• [PROBLEM DESCRIPTION]: From the first line down to the one containing "canning lids, isolated, kitchen", reproduce the entries below exactly and leave out the pictures.

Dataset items

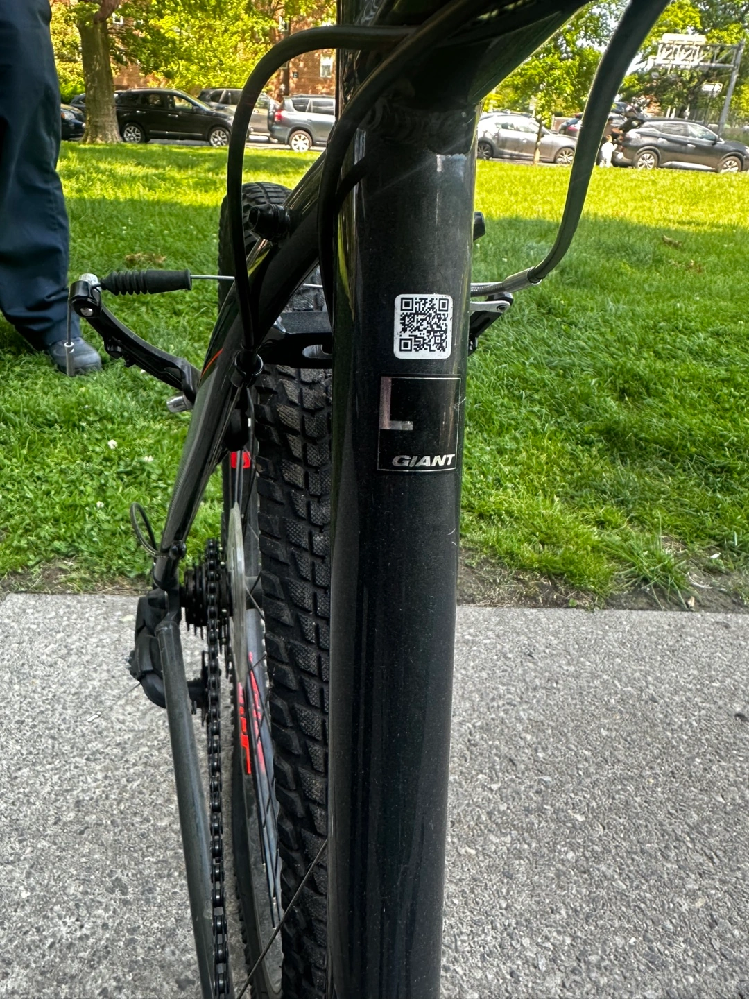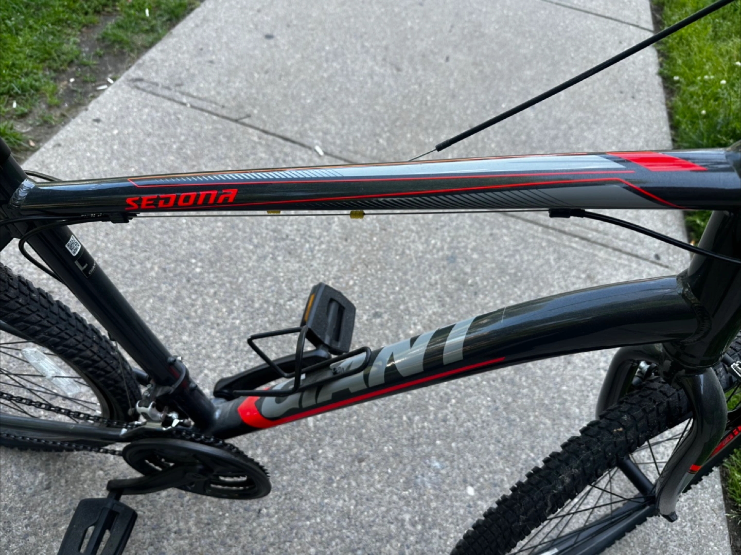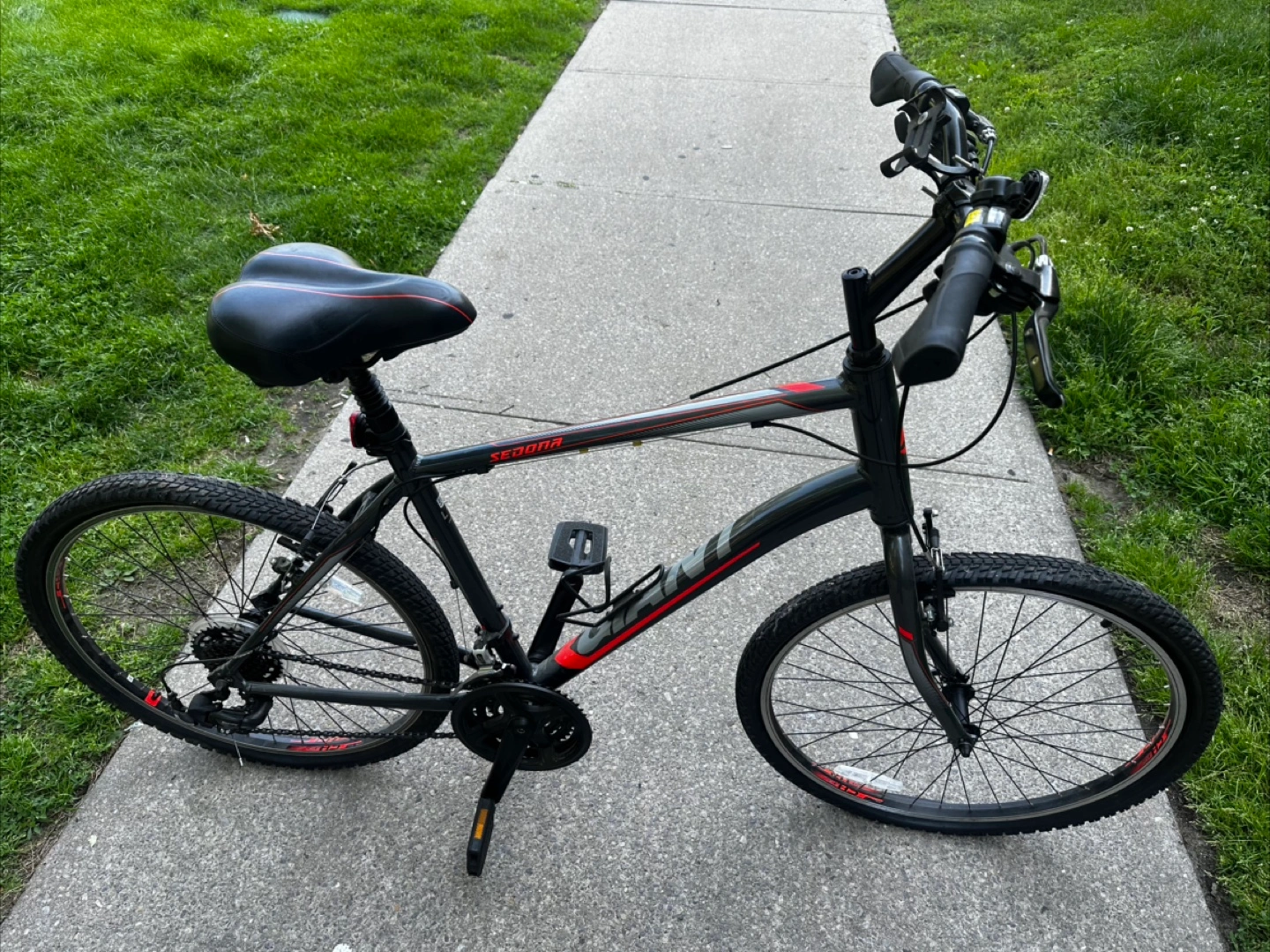 Bike with a black frame. The tires are black. Features a black seat with red accents. Consider the tranquility of a leisurely ride on this bike.
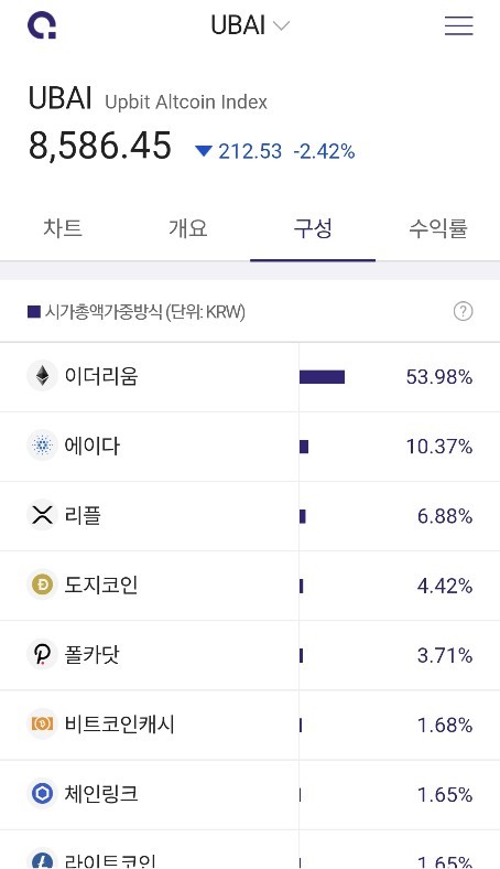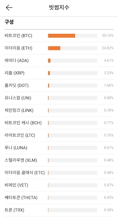 모든 상장 암호화폐를 대상으로 하며 당연히 시가총액이 큰 비트코인의 비중이 50% 이상을 차지합니다. 제가 비트코인을 삼성전자에 비유한 이유도 이것 때문입니다. 코스피지수에서도 삼성전자의 비중이 상당히 큽니다.
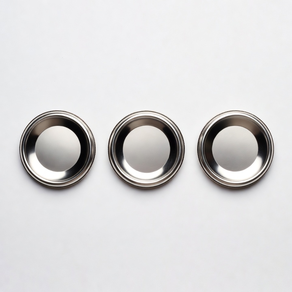 canning lids, isolated, kitchen lids, mason jar lids, metal lids, metallic rims, preservation lids, product photography, reflective surface, round lids, shiny metal, silver lids, three lids, white background, jar lids
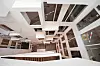 Fra første går det en bred amfitrapp opp til en møteromspool i 2. etasje, der det er møterom i varierende størrelser fra seks per-soner opp til cirka 80 personer. I denne etasjen er det også en privat leietaker, det samme er det også i 6. og 7. etasje. Sammen med et kontorhotell har Bjarøy Eiendom selv arealer i 8. etasje, der de disponerer en egen takterrasse.
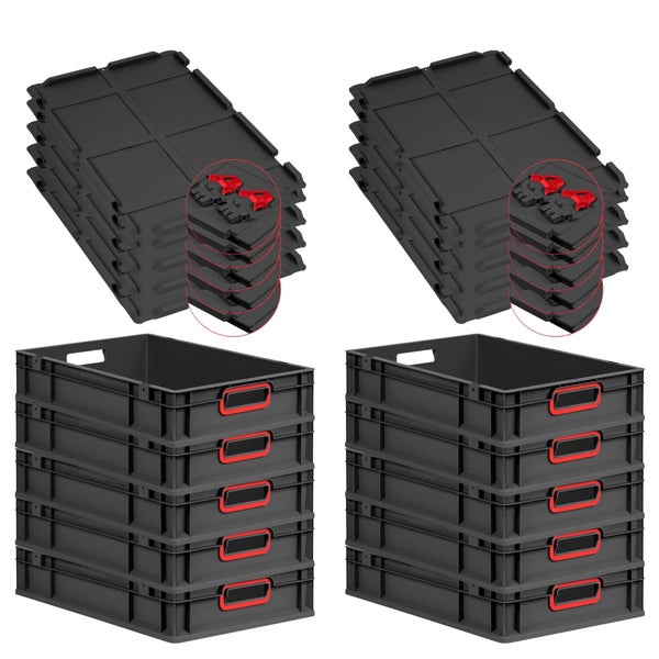 PROREGAL SuperSparSet 10x Eurobox NextGen Color mit Scharnierdeckel und Schiebeschnappverschlüssen, HxBxT 12x40x60cm, 23 Liter, Schwarz, Griffe rot offen, Eurobehälter, Transportbox, Transportbehälter, Stapelbehälter
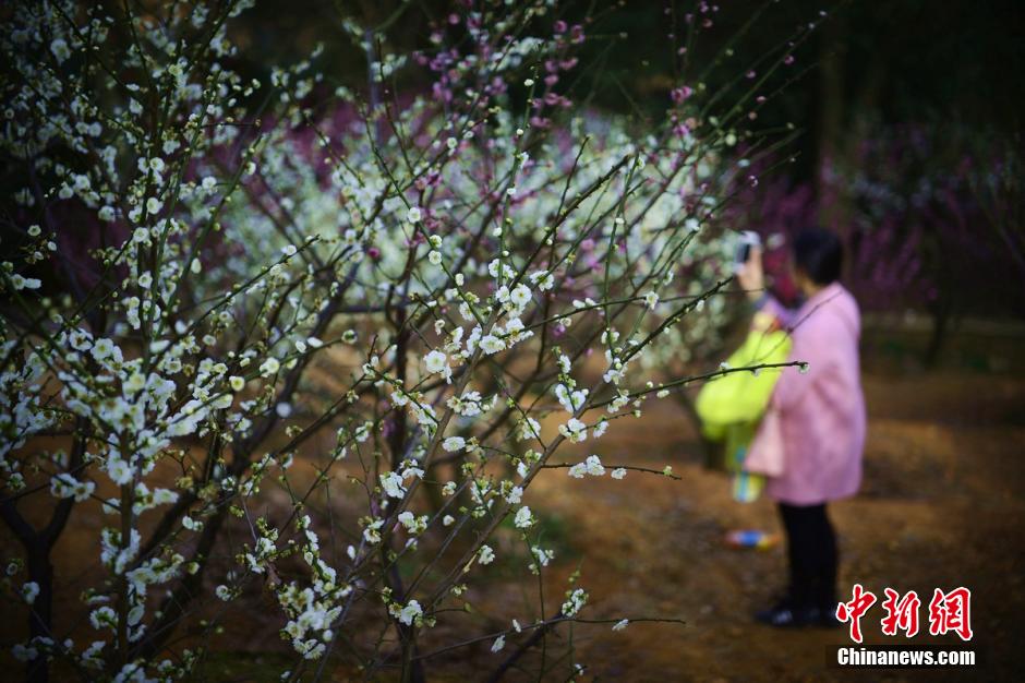 2月20日,三湘大地氣溫逐漸回升,湖南省森林植物園千株梅花競相綻放,眾多游客置身于花海中,與這難得的美景合影留念。 楊華峰 攝

• [ANSWER]:
 Bike with a black frame. The tires are black. Features a black seat with red accents. Consider the tranquility of a leisurely ride on this bike.
 모든 상장 암호화폐를 대상으로 하며 당연히 시가총액이 큰 비트코인의 비중이 50% 이상을 차지합니다. 제가 비트코인을 삼성전자에 비유한 이유도 이것 때문입니다. 코스피지수에서도 삼성전자의 비중이 상당히 큽니다.
 canning lids, isolated, kitchen lids, mason jar lids, metal lids, metallic rims, preservation lids, product photography, reflective surface, round lids, shiny metal, silver lids, three lids, white background, jar lids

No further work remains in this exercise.